How this skill works

Start by taking an upstream baseline (stars, forks, default branch, last push) and listing forks with pagination. Filter out bulk mirrors using timestamp clustering, then compare default and non-default branches to detect ahead/behind/diverged status. Enrich findings with commit content checks, tag/release detection, open-issue counts, repo rename detection, and upstream PR cross-references to recover force-pushed or rebased work.
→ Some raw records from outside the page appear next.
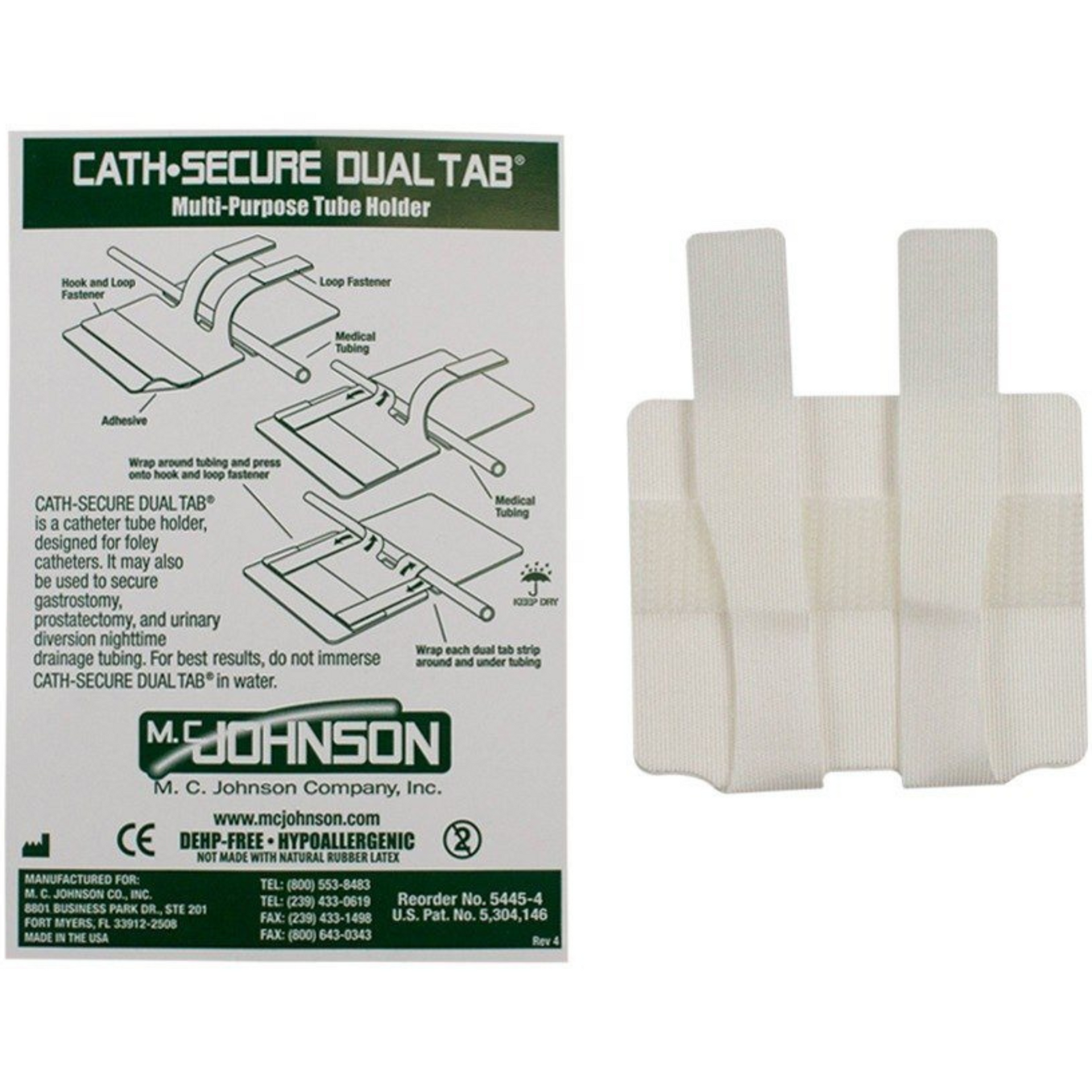 - The Cath-Secure Dual Tab is designed extend from the center, wrap around the tubing, and anchor it tightly to the tape using a press-on hook-and-loop fastening system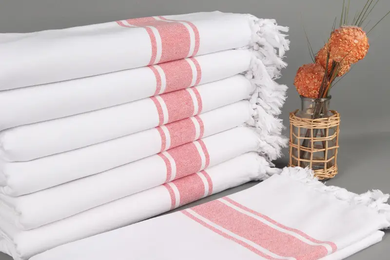 Turkish beach towels are characterized by their high-quality organic cotton yarn, ensuring exceptional absorbency and durability. Dimensions measure 40x71 inches (100x180 centimeters), with a weight of 400 grams. Hand-weaving allows for a tolerance of up to 2.5 cm in size variations.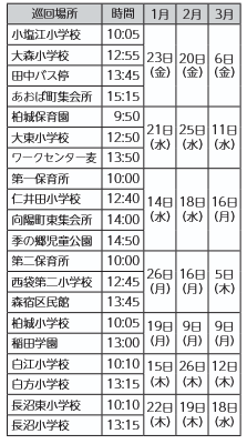 ▽移動図書館「うつみね号」巡回日程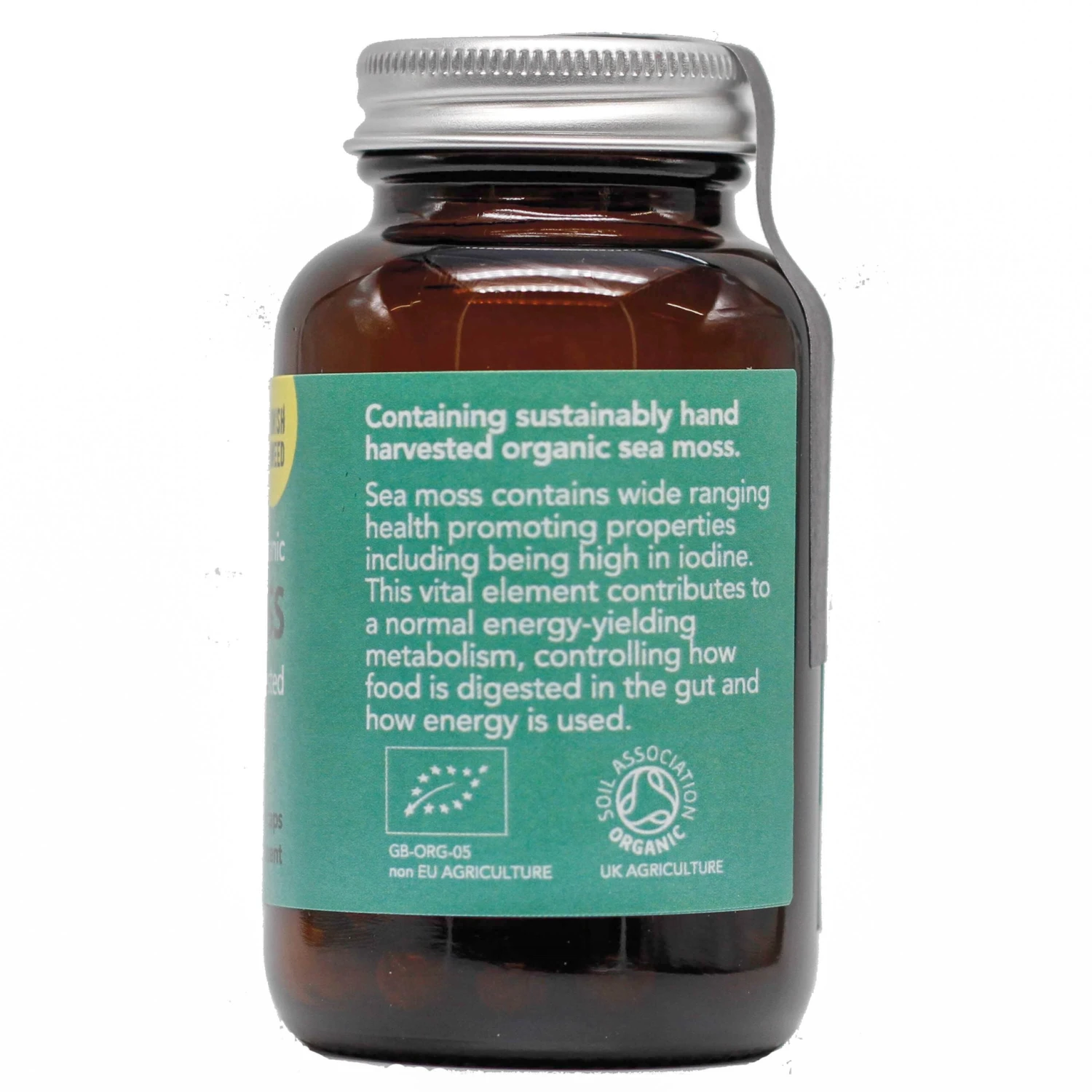 “Organic food supplement. Containing sustainably hand harvested organic sea moss. Sea moss contains wide ranging health promoting properties including being high in iodine. This vital element contributes to a normal energy-yielding metabolism, controlling how food is digested in the gut and how energy is used.”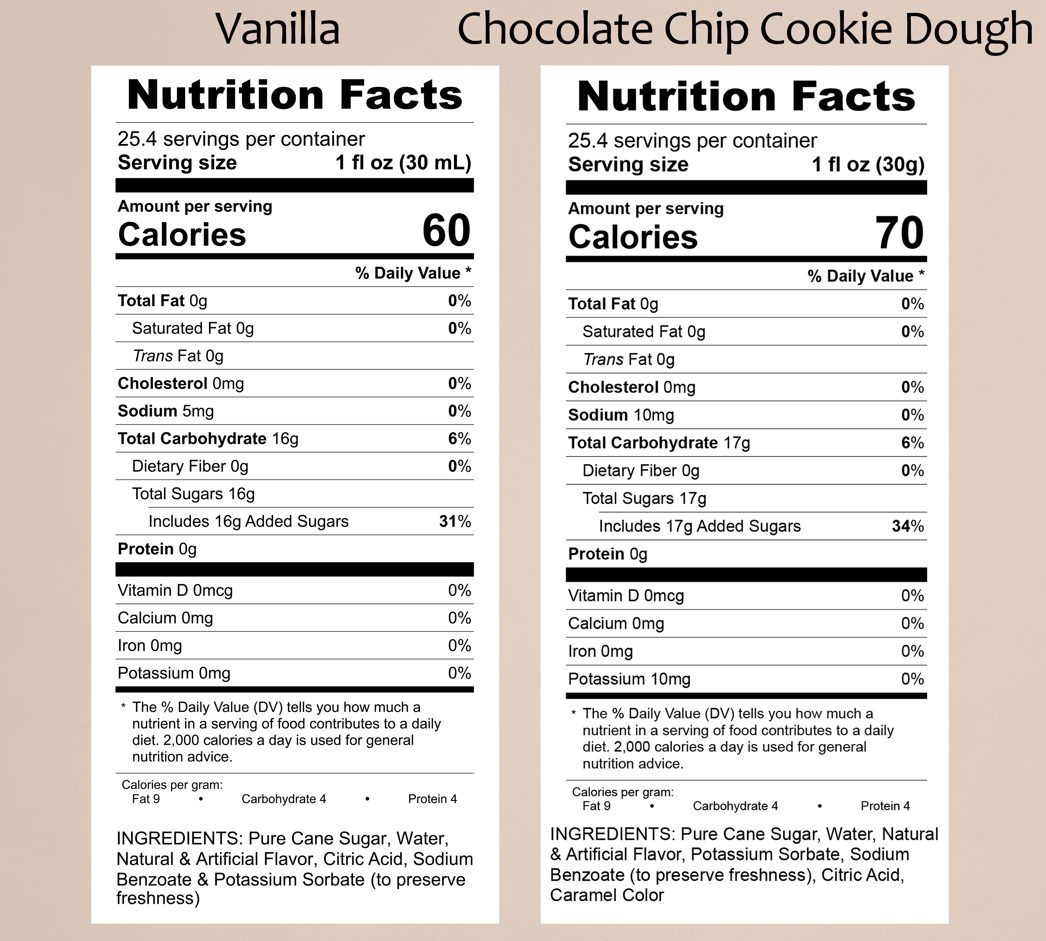 Variety Pack, Vanilla, and Chocolate Chip Cookie Dough Syrup

Rank forks into tiers and produce a concise recommendations report.

When to use it

You want to find feature work that stars-only filters miss.
Triage a new repository to identify maintenance or feature candidates quickly.
Evaluate a specific fork for cherry-pick or upstream merge readiness.
Prioritize work for backporting, packaging, or platform enablement.
Detect cross-fork convergence indicating unmet upstream demand.

Best practices

Always load the appropriate template (Full Analysis, Quick Scan, or Targeted Evaluation) before running analysis.
Use timestamp clustering to remove mirror noise — it typically eliminates 85%+ of forks.
Check non-default branches for any fork with recent pushes or multiple branches — many substantive changes live there.
Cross-reference upstream PR history to recover force-pushed or rebased contributions hidden from compare APIs.
Prioritize signals in this order: branch divergence, upstream PRs, tags/releases, commit email domains, then stars.

Example use cases

5‑minute triage of a new open-source repo to produce a short list of divergent forks.
Deep analysis to find Tier 1 major extensions suitable for cherry-pick into upstream.
Targeted evaluation of a single fork to produce a patch/merge plan and list of relevant commits.
Identify infrastructure and packaging work (CI/CD, Cargo.toml, CMakeLists) useful for releases and distribution.
Detect multiple forks solving the same problem to inform product decisions or feature prioritization.

FAQ

How do you avoid bulk mirrors and forks with no real work?

Group forks by pushed_at timestamps and skip clusters where many forks share identical timestamps; unique timestamps flag forks worth inspecting.

What if a fork force-pushed and shows 0 ahead_by?

Cross-reference upstream PR history and author activity; force-pushed work often appears in PR records even when compare APIs show no ahead commits.